К нам подкатили извозчики на пролетках-«дутиках»; их называли так потому, что на колесах были надувные резиновые шины. С семьей Ф. нам оказалось в разные стороны. Их повезли на проспект Нахимсона, называвшийся прежде Владимирским, и церковь там была Владимирская. Возле нее находилась трамвайная остановка, которую кондукторы стали объявлять так: «Граждане, следующая — Церковь имени товарища Нахимсона!» Неподалеку от церкви стоял дом, в котором играли в карты и в рулетку, потом его превратили в Дом пионера, и я бывал там на слетах. Теперь в этом здании Театр имени Ленсовета, где главным режиссером Игорь Владимиров, и многие думают, что поэтому проспект снова переименовали во Владимирский.

А вообще-то от Спасской, от квартиры дяди Яши, было не так уж далеко до Владимирского.

На Спасской мы гостили с месяц. Отцу выдали открытый смотровой ордер на жилье. Это означало, что он может выбрать любую пустующую квартиру, но в определенном, современно говоря, микрорайоне: Чайковская, Моховая, Пантелеймоновская. «Микро» сугубо аристократическое: барские дома, особняки, даже небольшие дворцы. Легко догадаться, что шапочники здесь прежде не селились.

— А ныне и высоко парящие орлы разлетелись, — сказал дядя Яша, сын и брат фуражечников, сам совслужащий.

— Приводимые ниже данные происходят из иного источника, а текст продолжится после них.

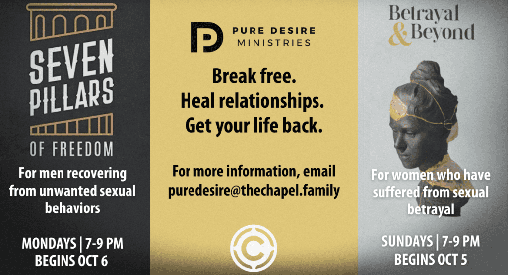 Beginning in October we are offering two small groups to support men and women in their recovery from unwanted sexual behaviors and healing betrayal trauma.there is a group for women called, "Betrayal and Beyond" and it will meet on Sunday nights. The other group for men is called "Seven Pillars" and they will meet on Monday nights. For more information email puredesire@thechapel.family.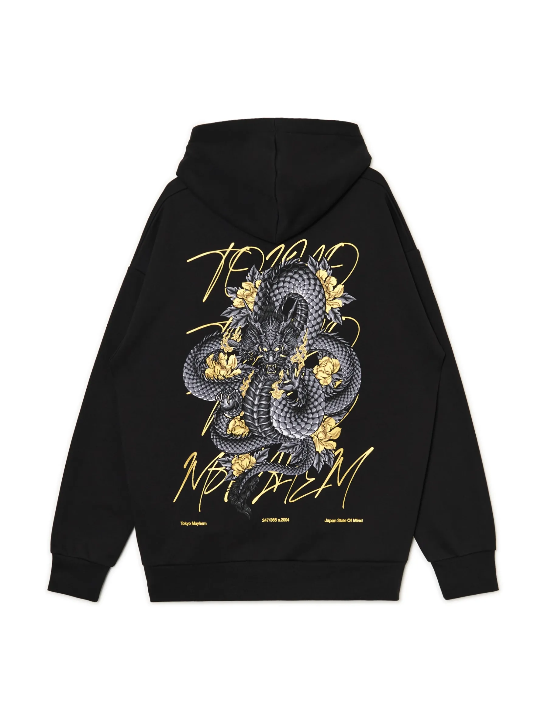 Bluza męska z kapturem o kroju loose, uszyta z mieszanki dzianin z dodatkiem miękkiej bawełny french terry. Z przodu drobny napis na piersi, a na plecach duży nadruk z motywem smoka. dzianinowy materiał z bawełną swobodny, luźny krój długie rękawy wykończone elastycznym ściągaczem obniżona linia ramion miękki kaptur kieszeń kangurka na przodzie dół wykończony delikatnym, prążkowanym ściągaczem mały nadruk na piersi, duży nadruk na plecach

Отец отправился на поиск, прихватив с собой Вальку, а в последний момент и меня, завопившего о несправедливости. Мы прошли сперва по Чайковской в обе стороны от Литейного — и к Летнему саду, и к Таврическому. Брошенные квартиры имелись в каждом доме, а некоторые и с мебелью. Комнат в них было множество, в какой-то мы насчитали двадцать четыре и аукались, как в лесу. Целиком свободным для заселения стоял дом, который в наши дни занимает райком партии. А от одного здания близ Фонтанки оставались лишь стены: внутри все выгорело. Отец объяснил, что это бывшее австрийское посольство, и, когда началась мировая война, улицу запрудили толпы, люди кричали, шумели, кидали камни, а под конец подожгли дом, и пожарные не торопились гасить огонь, старались только, чтобы он не перебросился на соседние дома… Чайковская не приглянулась отцу.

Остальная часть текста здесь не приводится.